Three months ago, I asked “should NC courts continue to withhold lists of potentially ineligible voters from election officials?” Apparently, Democrats in the General Assembly think so. SB 250 (Remove Foreign Citizens from Voting Rolls) has come up for votes in both the House and the Senate over the past several months, with the latest versions in each chamber passing on party-line votes.
In debate on a revised version of the bill in the House Rules Committee on October 1, Rep. Marcia Morey (D-Durham) claimed that SB 250 was a “voter suppression bill.” Other Democrats have objected to a provision in the bill that makes the names of those removed from voter rolls for not being citizens public.

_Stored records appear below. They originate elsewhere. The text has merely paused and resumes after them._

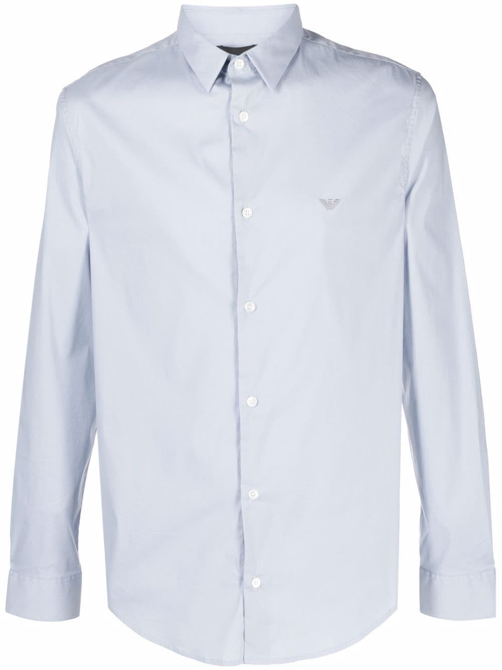 Light blue cotton blend classic collar embroidered logo at the chest front button fastening long sleeves curved hem.
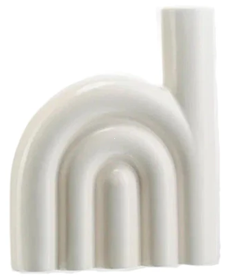 Ваза выполнена в стиле минимализма, что делает её универсальной для различных интерьеров. Цветовая гамма - чистый белый, который легко вписывается в любое окружение. Ключевые элементы дизайна - плавные линии и геометрические формы, создающие уникальный визуальный эффект.
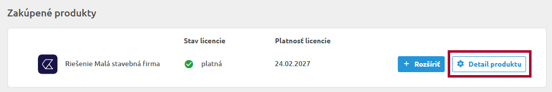 Napravo od názvu zakúpeného produktu kliknite na „Detail produktu„.
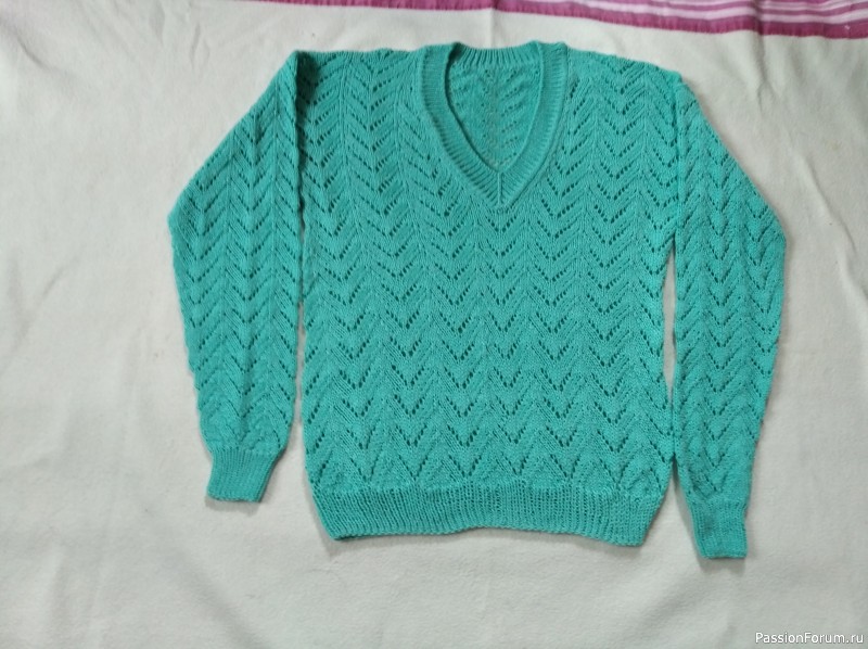 Татьяна! Очень аккуратный получился пуловер! Понравилось всё — и цвет, и узор, и очень классная получилась горловина, прям, как фирменная! Дочери очень отличный подарочек !
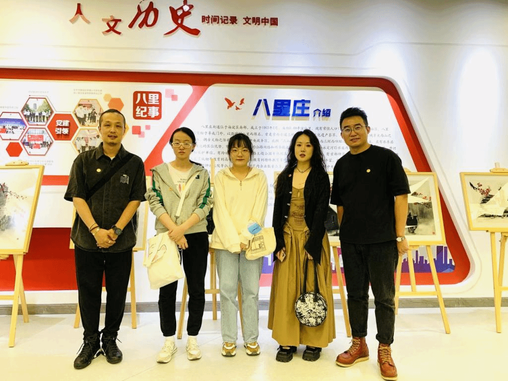 本次展覽中的繪畫作品,是由北京城市學院藝術工美黨支部的4名師生參與創作完成,以海淀區八里莊歷史文化名勝與古跡脈絡為題材,創作的一批精品力作。在海淀區八里莊街道辦事處項目團隊和專家的指導下,藝術工美黨支部的師生們深入基層,歷時1個月創作,深入發掘海淀歷史文化資源和八里莊的“在地文化”,將描繪街道轄區新時代風貌和勾勒歷史變遷集中呈現,以優秀的美術作品為時代人物塑像,賡續紅色血脈,謳歌黨的偉大使命和崇高精神。
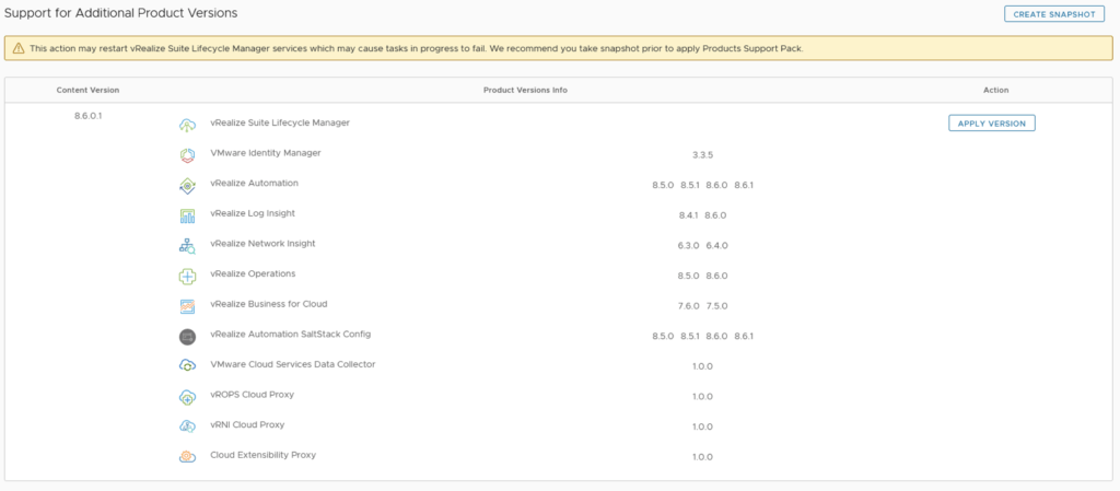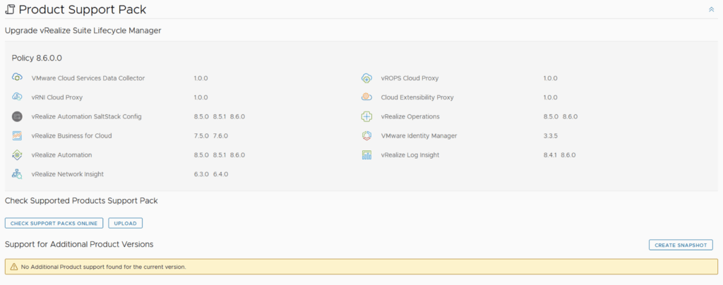 We can see that i recently upgraded to 8.6 however a new update is available 8.6.0.1. Based on what we can see in the details the new support pack adds support for vRA 8.6.1. If an update is not available click on the Check Support Packs Online button and refresh the screen within a few minutes

Removing non-citizens from voter rolls should be a consensus issue. There is already a mechanism in place for people scheduled to be removed from voter rolls to be notified and have an opportunity to stop the removal. Last year, 19 people were charged with illegal voting due to not being citizens. During trials on those cases U.S. District Court Judge Terrence Boyle harshly criticized election officials for misconduct in not previously removing those people from voting roles. While we can argue about the extent of the problem of non-citizens voting, it is a demonstrably real problem.
Since both chambers of the General Assembly have passed different versions of the bill, they will have to be reconciled before a final bill can advance to an expected veto by Gov. Roy Cooper.